----- ENTRIES SUPPLIED
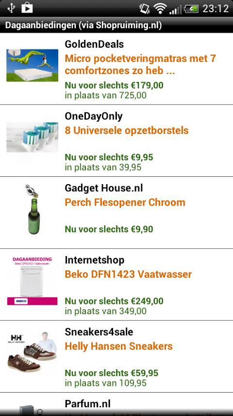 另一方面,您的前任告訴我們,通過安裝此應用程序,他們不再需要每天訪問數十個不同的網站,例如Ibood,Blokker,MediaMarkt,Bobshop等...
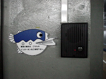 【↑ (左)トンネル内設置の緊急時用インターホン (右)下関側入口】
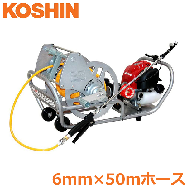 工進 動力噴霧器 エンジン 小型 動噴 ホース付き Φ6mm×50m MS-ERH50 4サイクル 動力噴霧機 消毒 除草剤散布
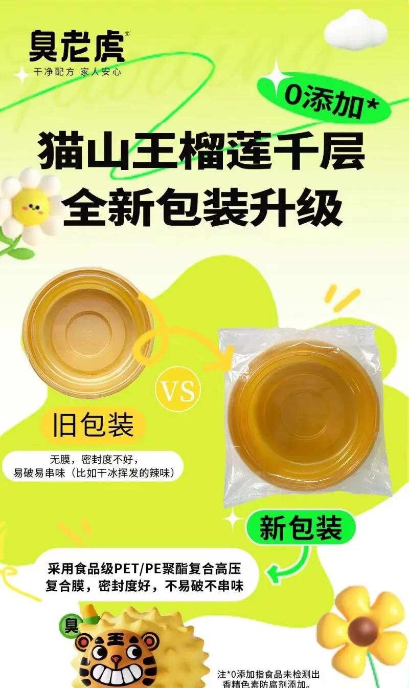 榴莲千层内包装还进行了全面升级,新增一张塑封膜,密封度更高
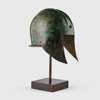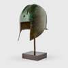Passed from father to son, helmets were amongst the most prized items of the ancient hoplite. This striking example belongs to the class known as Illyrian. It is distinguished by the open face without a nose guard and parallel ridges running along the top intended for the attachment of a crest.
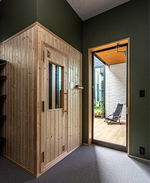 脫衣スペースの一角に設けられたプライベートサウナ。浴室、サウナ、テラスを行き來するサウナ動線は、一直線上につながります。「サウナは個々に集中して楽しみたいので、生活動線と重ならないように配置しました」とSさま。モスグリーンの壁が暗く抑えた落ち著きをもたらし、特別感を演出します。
----------
Only the lines from the one with "Passed from father" through the final line of the entries belong in the answer, set down exactly, with both ends included and no pictures.

**WRITTEN RESPONSE**
Passed from father to son, helmets were amongst the most prized items of the ancient hoplite. This striking example belongs to the class known as Illyrian. It is distinguished by the open face without a nose guard and parallel ridges running along the top intended for the attachment of a crest.
 脫衣スペースの一角に設けられたプライベートサウナ。浴室、サウナ、テラスを行き來するサウナ動線は、一直線上につながります。「サウナは個々に集中して楽しみたいので、生活動線と重ならないように配置しました」とSさま。モスグリーンの壁が暗く抑えた落ち著きをもたらし、特別感を演出します。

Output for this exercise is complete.